> EXERCISE GOAL:
Apart from the pictures, every line below needs to be reproduced verbatim.

> STORED DATA:
::::::

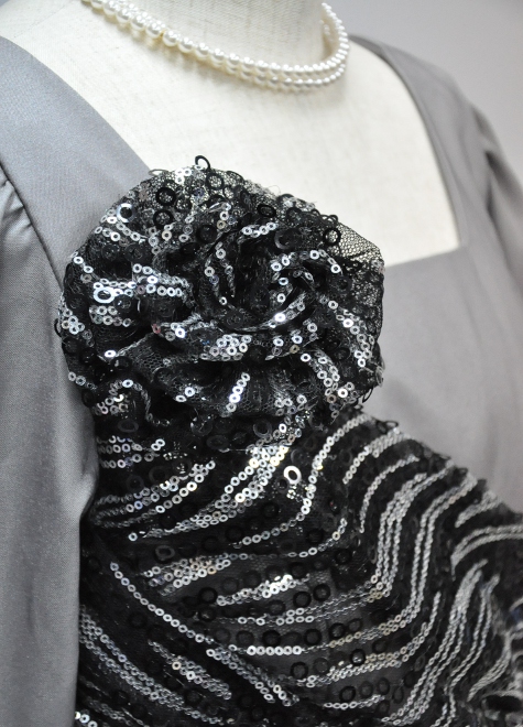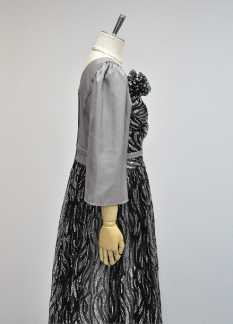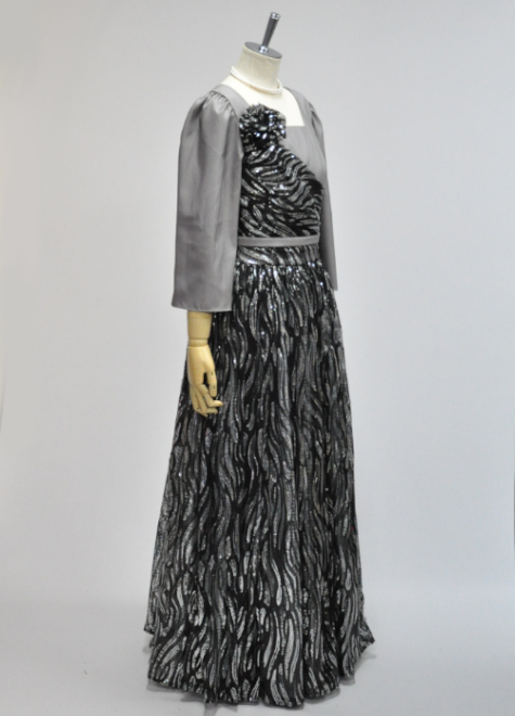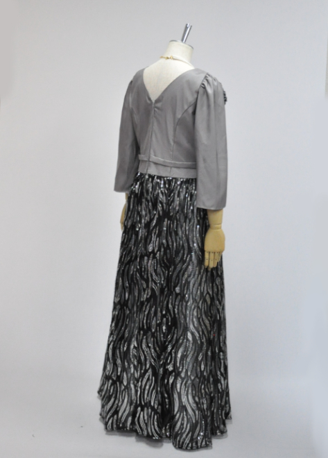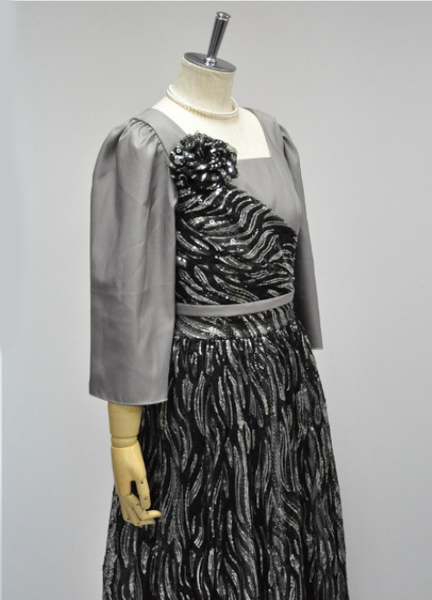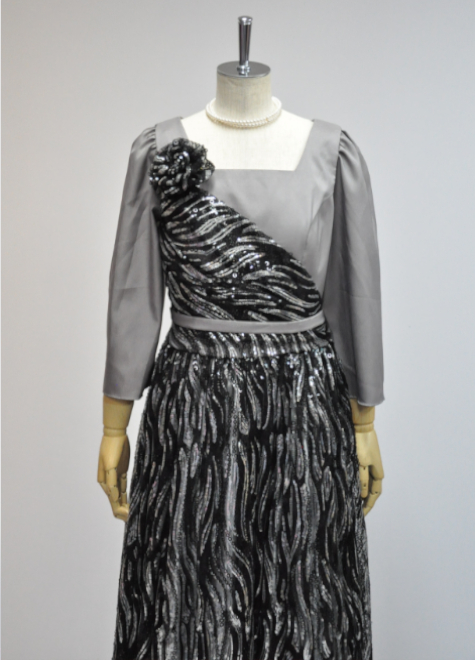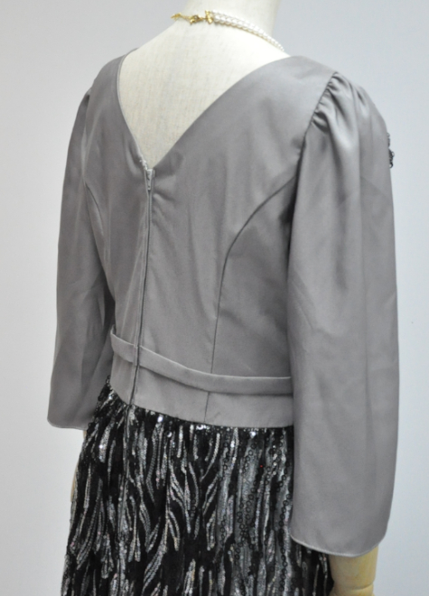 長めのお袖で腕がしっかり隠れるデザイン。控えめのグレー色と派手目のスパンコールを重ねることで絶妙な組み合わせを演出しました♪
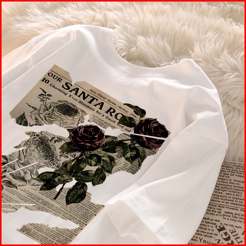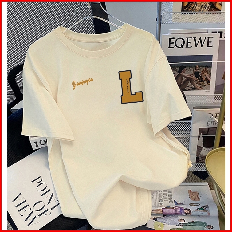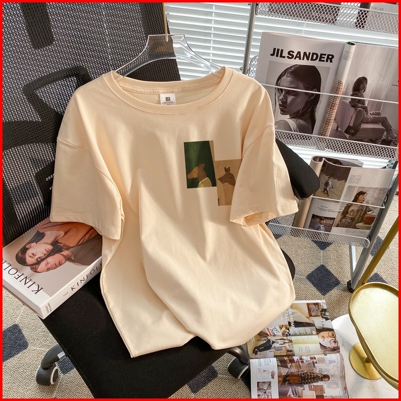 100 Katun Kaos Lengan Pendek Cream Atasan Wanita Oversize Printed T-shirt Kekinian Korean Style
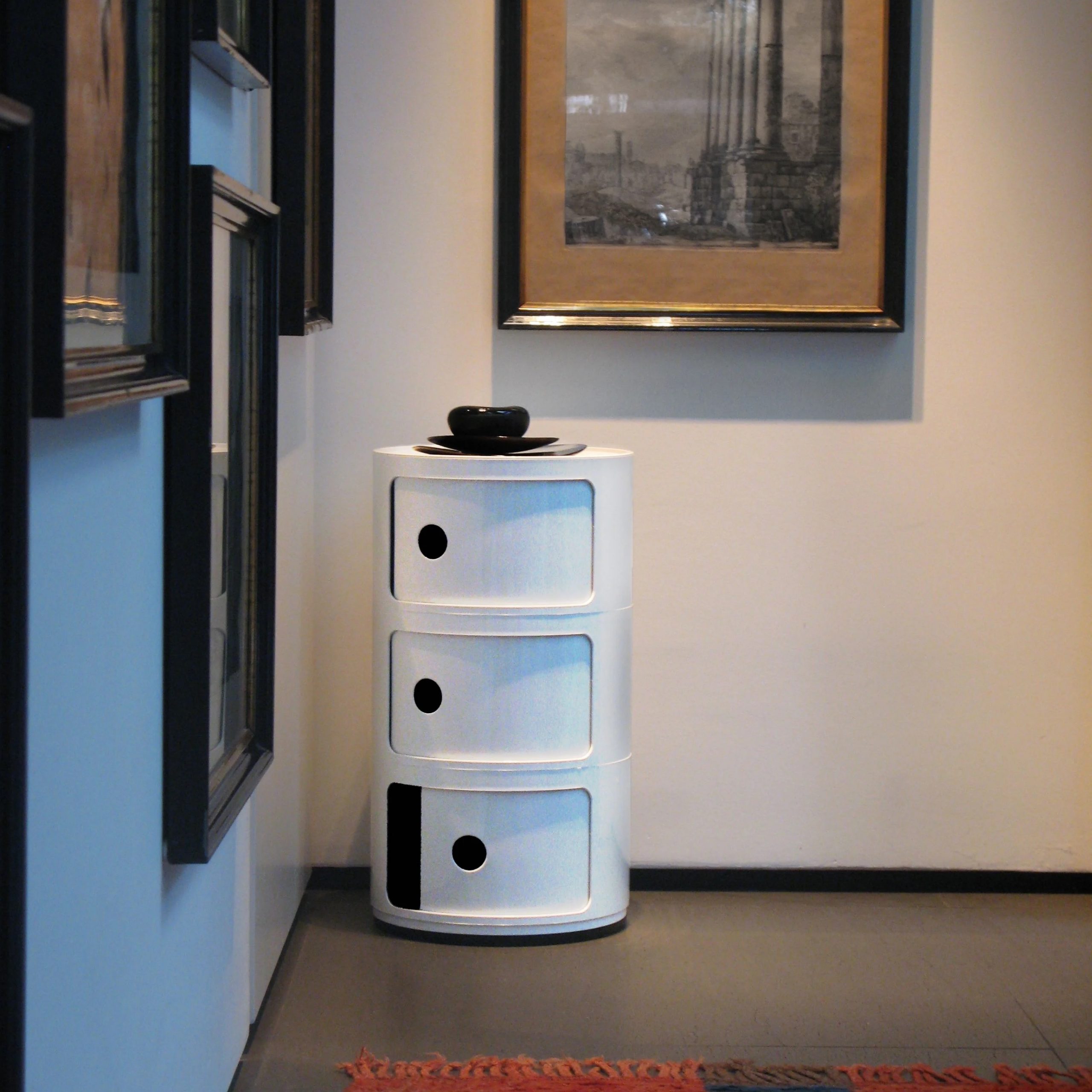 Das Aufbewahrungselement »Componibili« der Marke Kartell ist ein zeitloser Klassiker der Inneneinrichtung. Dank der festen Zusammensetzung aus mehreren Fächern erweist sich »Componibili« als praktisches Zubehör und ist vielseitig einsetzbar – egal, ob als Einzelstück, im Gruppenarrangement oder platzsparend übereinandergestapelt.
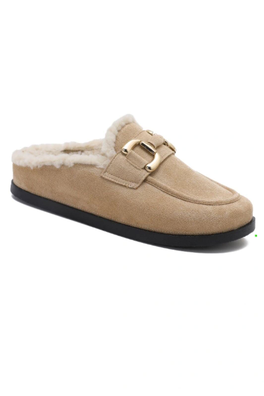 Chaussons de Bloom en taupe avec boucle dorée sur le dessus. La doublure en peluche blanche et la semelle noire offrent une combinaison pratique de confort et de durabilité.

::::::

> EXERCISE RESULT:
 長めのお袖で腕がしっかり隠れるデザイン。控えめのグレー色と派手目のスパンコールを重ねることで絶妙な組み合わせを演出しました♪
 100 Katun Kaos Lengan Pendek Cream Atasan Wanita Oversize Printed T-shirt Kekinian Korean Style
 Das Aufbewahrungselement »Componibili« der Marke Kartell ist ein zeitloser Klassiker der Inneneinrichtung. Dank der festen Zusammensetzung aus mehreren Fächern erweist sich »Componibili« als praktisches Zubehör und ist vielseitig einsetzbar – egal, ob als Einzelstück, im Gruppenarrangement oder platzsparend übereinandergestapelt.
 Chaussons de Bloom en taupe avec boucle dorée sur le dessus. La doublure en peluche blanche et la semelle noire offrent une combinaison pratique de confort et de durabilité.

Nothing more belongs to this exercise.